February 14, 2008 (KHARTOUM) — Sudanese security agents prevented an opposition newspaper from being published on Thursday after it tried to print articles accusing the government of backing rebels in neighbouring Chad, journalists said.

A_Sudanese_man_reads_a_daily.jpgSecurity officials arrived at the printing press publishing al-Rai al-Shaab in the early hours of Thursday morning, said Ashraf Mohamed, from the daily.

“They said we must cut two columns. Then they said the paper could not be printed,” said Mohamed.

“It was because the columns were talking about the problems in Chad … They said that the (Sudanese) government was participating in the trouble by supporting the rebels.”

Chad accused Sudan of backing rebels who stormed the Chadian capital N’Djamena early February in a bid to topple President Idriss Deby. Sudan, which denies the charge, accuses Chad of funding rebels inside the Sudanese region of Darfur.

Sudan’s media regulator, the National Press Council, declined to comment on the reported blockage of Al-Rai al-Shaab on Thursday and no one was immediately available for comment from Sudan’s security services.

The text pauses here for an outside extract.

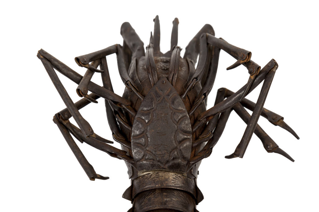 Il en va de même au Musée National de Tokyo : Myôchin Munekiyo (明珍宗清), Jizai okimono (figure articulée) d’une langouste, époque Edo, XVIII-XIXe siècle, fer. Inv. E-20286
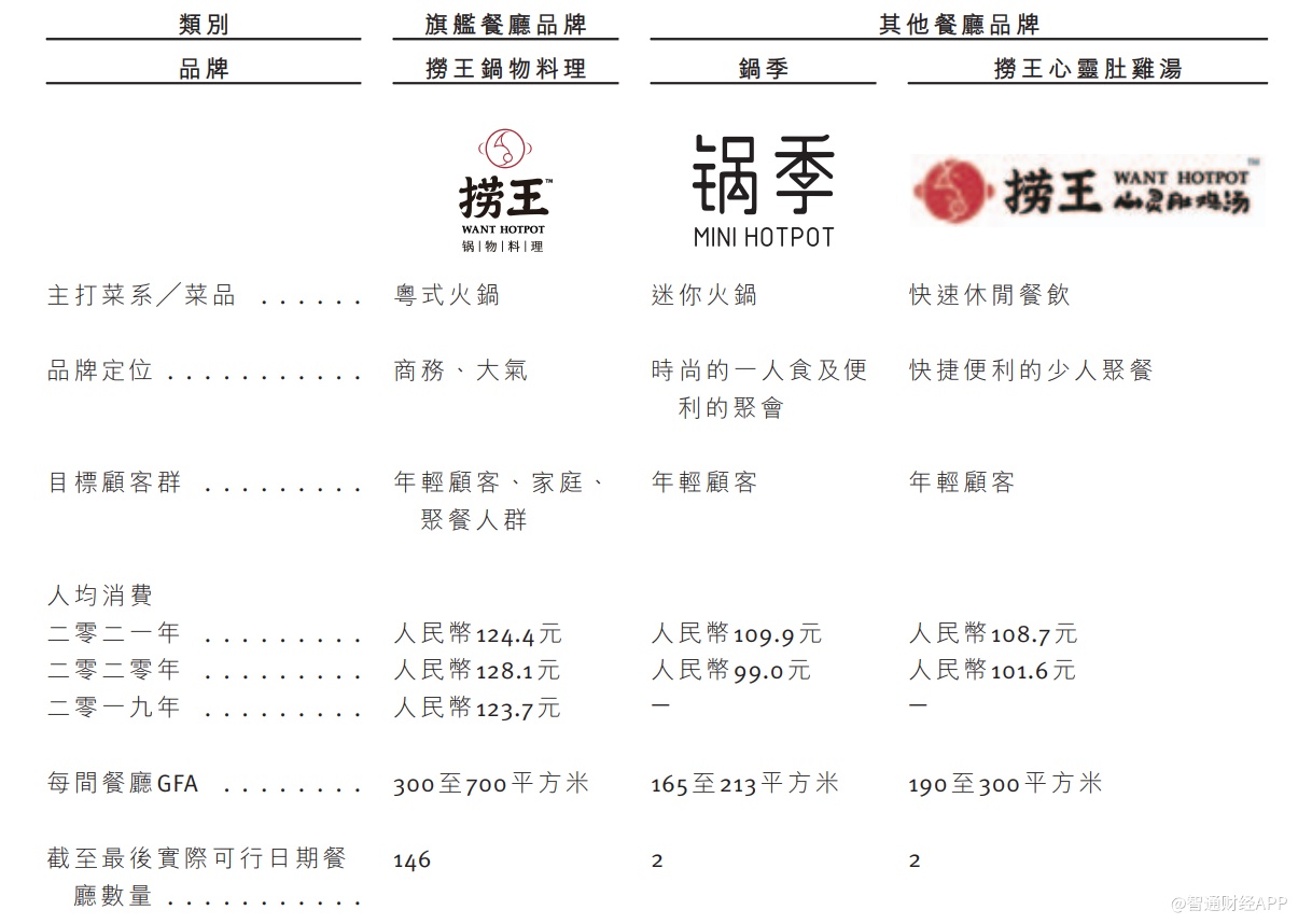捞王控股旗下运营及管理了三个自创的各具特色的品牌,即以提供商务、大气餐膳为主的捞王锅物料理,主打一人食概念的锅季,为少人聚餐提供快捷便利的用餐体验并迎合年轻消费者喜好的快速休闲餐厅捞王心灵肚鸡汤。

Al-Rai al-Shaab, which is linked to the opposition Popular Congress Party led by Hassan al-Turabi, did not appear on Khartoum newsstands on Thursday morning.

Sudan eased press censorship after a new constitution put in place at the end of Sudan’s north-south civil war in 2005 guaranteed freedom of the press.

But there have been regular reports of newspapers coming under pressure over sensitive stories.

The Citizen newspaper, based in Sudan’s southern capital Juba, said it had been temporarily shut down ten times, most recently over articles that the National Press Council said insulted Sudan’s president.

Sudanese authorities confiscated 17,000 copies of al-Rai al-Shaab in August for violating a ban on reporting about a thwarted plot to attack Western embassies in Khartoum.